Database tables also allow NULL values, that is if the values of any of the element of the table
are not filled or are missing, it becomes a NULL value, which is not equivalent to zero. (NOTE:
Primary key cannot have a NULL value).
Example:
The following table STUDENT consists of three columns Roll Number, Name, Section and four
records of students 1, 2, 3 and 4 respectively. The records can’t be completely same, the Roll
Number acts as a candidate key which separates records.
Advantages
Easy to manage: Each table can be independently manipulated without affecting others.
Security: It is more secure consisting of multiple levels of security. Access of data shared can be
limited.
Flexible: Updating of data can be done at a single point without making amendments at multiple
files. Databases can easily be extended to incorporate more records, thus providing greater
scalability. Also, facilitates easy application of SQL queries.
Users: RDBMS supports client-side architecture storing multiple users together.
Facilitates storage and retrieval of large amount of data.
Easy Data Handling:
Data fetching is faster because of relational architecture.
Data redundancy or duplicity is avoided due to keys, indexes, and normalization principles.
Data consistency is ensured because RDBMS is based on ACID properties for data transactions
(Atomicity Consistency Isolation Durability).
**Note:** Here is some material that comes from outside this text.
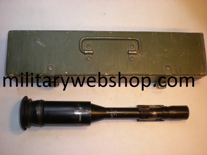 Z F 3 x 8 Tykkimalli tunnetaan Saksalaiselta nimeltään 7,5 cm Pak 40. Tähtäyskaukoputken valmistajan koodi bek. Tähtäyskaukoputken pituus n. 38,5 cm. Laatikon pituus 44 cm. Tuote: 163 Hinta: 350 €

Fault Tolerance: Replication of databases provides simultaneous access and helps the system
recover in case of disasters, such as power failures or sudden shutdowns
Disadvantages
High Cost and Extensive Hardware and Software Support: Huge costs and setups are required to
make these systems functional.
Scalability: In case of addition of more data, servers along with additional power, and memory
are required.
Complexity: Voluminous data creates complexity in understanding of relations and may lower
down the performance.
Structured Limits: The fields or columns of a relational database system is enclosed within
various limits, which may lead to loss of data.